Why estimate at all Slide 2
The same ten-minute estimate pays off in four places — and in an interview, the number matters far less than whether you can get to it without panic.
In interviews
Show you can break a vague prompt into users, requests, payload, and replication — and reach a defensible total out loud.
In production
Prevents both costly over-provisioning and embarrassing under-provisioning, and surfaces which dimension dominates the bill.
In planning
If a rough sketch already needs 80 PB of RAM, the design is wrong. Better to learn that in a meeting than three sprints in.
In conversation
Numbers anchor arguments. "It feels slow" becomes "p99 is 240 ms but the budget was 80 ms" — now the team can act.
Powers of two Slide 3
Memorise these once and storage math becomes mental arithmetic. For envelope work, treat each binary step as its nearest power of ten — the error after multiplying three of them is only a few percent.
1 KB (decimal) = 1,000 bytes; 1 KiB (binary) = 1,024 — about 2.4% more, drifting to ~10% by terabytes. For napkin math the two are interchangeable; for disks and billing, they are not.
The latency ladder Slide 4
Orders of magnitude worth memorising. Use them to spot designs that assume the impossible — like "synchronously fan out to 50 services on the hot path."
| Operation | Approx time | Relative scale |
|---|---|---|
| L1 cache reference | ~0.5 ns | |
| Main memory (RAM) read | ~100 ns | |
| SSD random read (NVMe) | ~100 µs | |
| Round-trip inside a datacenter | ~500 µs | |
| Spinning-disk (HDD) seek | ~10 ms | |
| Cross-region RTT (EU ↔ US-East) | ~80 ms | |
| Cross-continent RTT (EU ↔ APAC) | ~200 ms |
RAM is ~100× faster than SSD; SSD is ~100× faster than spinning disk; same-DC network sits between RAM and SSD; cross-region adds tens of milliseconds you cannot optimise away. Light in fibre travels at ~⅔ c — that's the floor for every cross-continent hop.

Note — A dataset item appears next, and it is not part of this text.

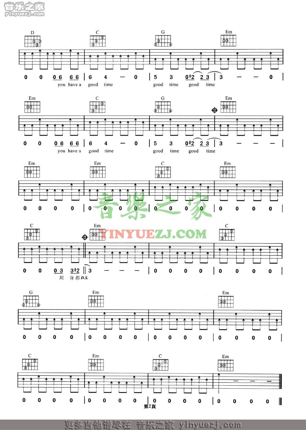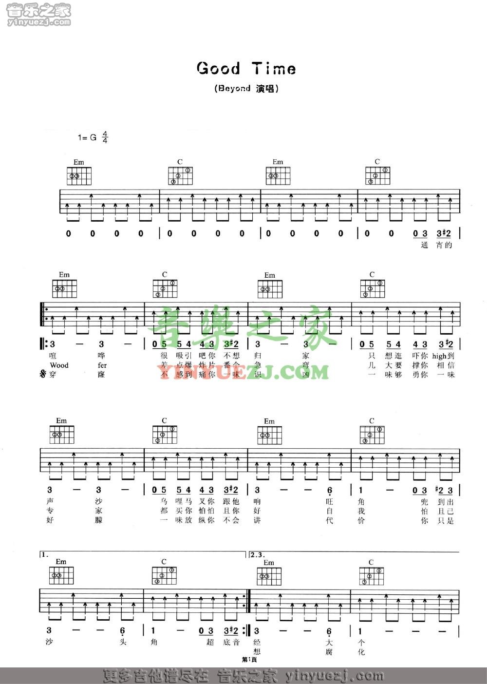 Beyond《good time》吉他谱,YYZJ编配出品,共有2张高清图谱,免翻页排版设计。

The nines, and what they cost Slide 5
Each extra nine is roughly 10× harder. Past three nines, most outages come not from hardware but from deploys, config changes, and human error — so the investment shifts from redundancy to process.
| Availability | Annual downtime | Per month | Per day |
|---|---|---|---|
| 99% two nines | ~3.65 days | ~7.2 h | ~14.4 min |
| 99.9% three nines | ~8.77 h | ~43.8 min | ~86 s |
| 99.95% | ~4.38 h | ~21.9 min | ~43 s |
| 99.99% four nines | ~52.6 min | ~4.3 min | ~8.6 s |
| 99.999% five nines | ~5.26 min | ~26 s | ~0.86 s |
A request crossing three services each at 99.9% has a ceiling of ~99.7%. Every synchronous dependency taxes your headline number — caches, retries, and graceful degradation are how you claw it back. And 99.95% leaves only ~22 min/month: one botched deploy can burn half your error budget.

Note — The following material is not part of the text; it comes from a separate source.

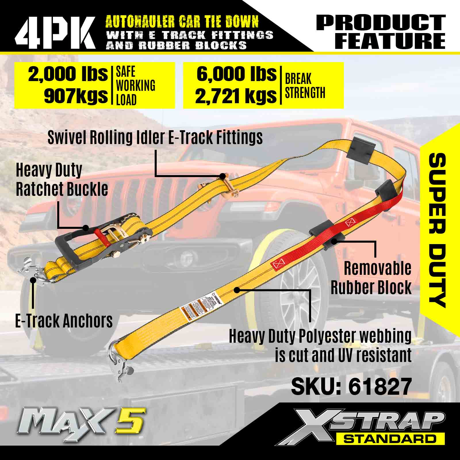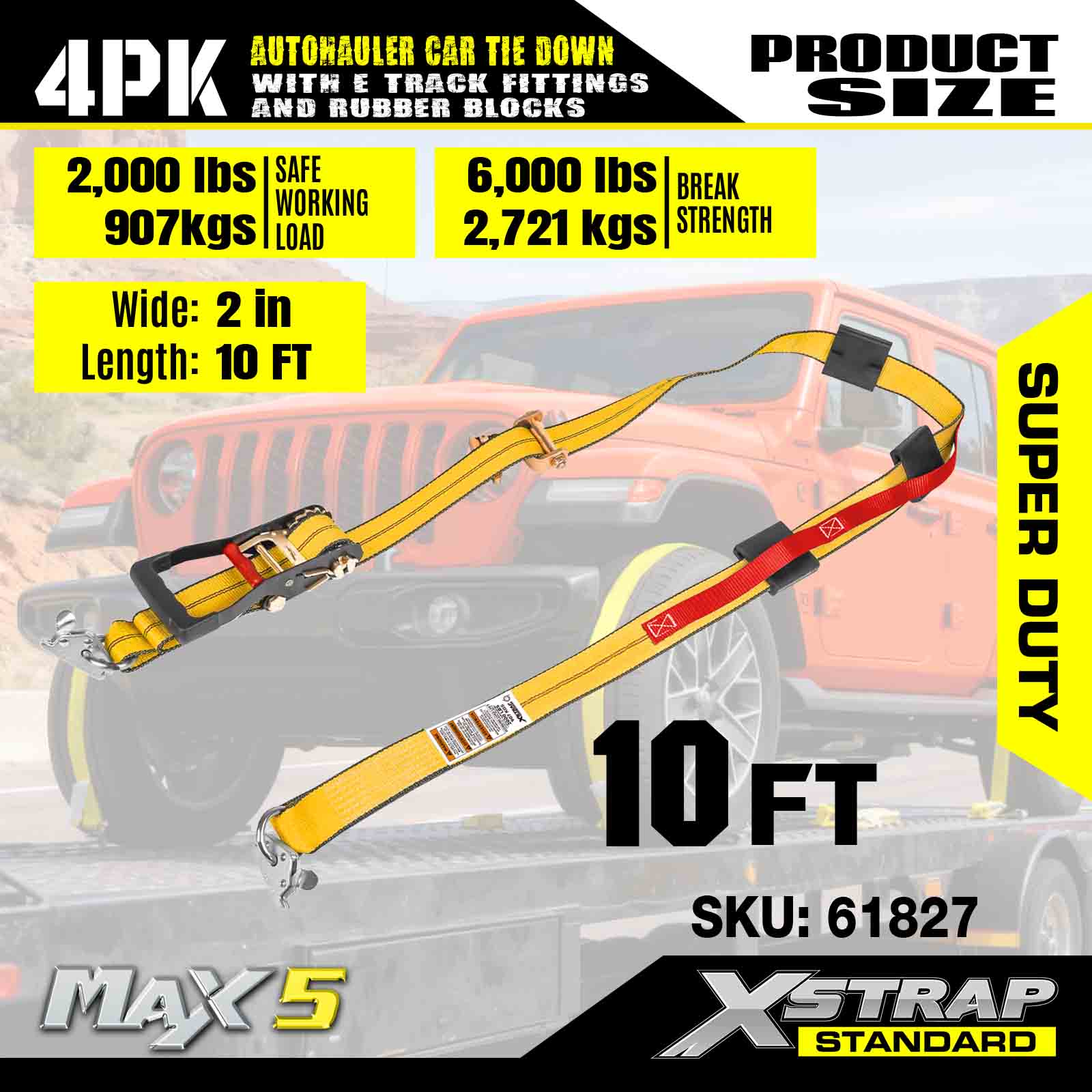 - Sicherheit und Vielseitigkeit: Mit einer Arbeitslastgrenze von 2.000 Pfund und einer Bruchfestigkeit von 6.000 Pfund bieten diese Gurte zuverlässige Sicherheit für Geländefahrzeuge, LKWs, Geländefahrzeuge und UTVs – ideal für anspruchsvolle Transportanforderungen

QPS — from users to load Slide 6
Start from the user count, layer on behaviour, then peakiness. Average QPS sizes the steady-state fleet; peak QPS sizes the headroom for worst-Tuesday-at-9pm.
Peak-to-average: 2×–5×
Most consumer products peak at 2–5× the daily average. A chat app peaks gently; a livestream catastrophically.
Split the verbs
Estimate reads and writes separately. Ratios of 10:1 or 100:1 imply very different cache and replication strategies.
Plan for 2× growth
Size for traffic 12–18 months out. Slight over-provisioning is cheap; an emergency re-architecture is not.
Carry both numbers
Average and peak answer different questions and cost very different amounts. Thread both all the way to the capacity answer.

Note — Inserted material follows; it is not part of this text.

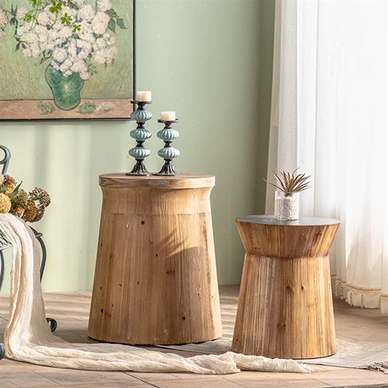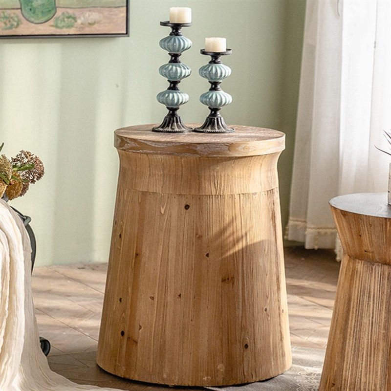 创意实木复古做旧边几客厅沙发边小圆桌民宿家用木墩摆件小茶几

Storage — four multipliers Slide 7
Skip any one of these and the answer is off by an order of magnitude.
Item size: median + tail
A "post" may average 400 B of text but carry a 2 MB image. Decompose: text, metadata, attachments, indexes. Add 20–30% for serialization.
Replication: ×3 (or more)
Most stores keep 3 replicas in-region; cross-region DR pushes it to 4–6×. Erasure coding claws some back at CPU/latency cost.
Growth compounds
If users and per-user content both grow, storage grows multiplicatively. Three years of 1.5× is 3.4×, not 4.5×.
The hidden tax
Indexes add 30–80%; logs often exceed the data they describe; backups multiply the whole figure again.
Bandwidth — QPS × payload Slide 8
Throughput is the easy part. The catch: ingress and egress are rarely symmetric, and cloud egress is what shows up on the bill.
ingress_Bps = write_QPS × avg_request_size
A "10 Gbps" NIC delivers ~1.25 GB/s of payload — and less after protocol overhead and encryption. Plan for ~60–70% of nominal at peak. Confusing bits and bytes is an 8× error, the single most common one.
Egress dominates reads
A video service ingests ~1 MB/upload but streams ~500 MB/view — 500× asymmetry. Messaging is near-symmetric; search is read-heavy with tiny responses.
Where the bill hides
Within an AZ, bandwidth is ~free; across AZs, cents/GB; across regions or to the internet, many times more. Estimate egress by destination.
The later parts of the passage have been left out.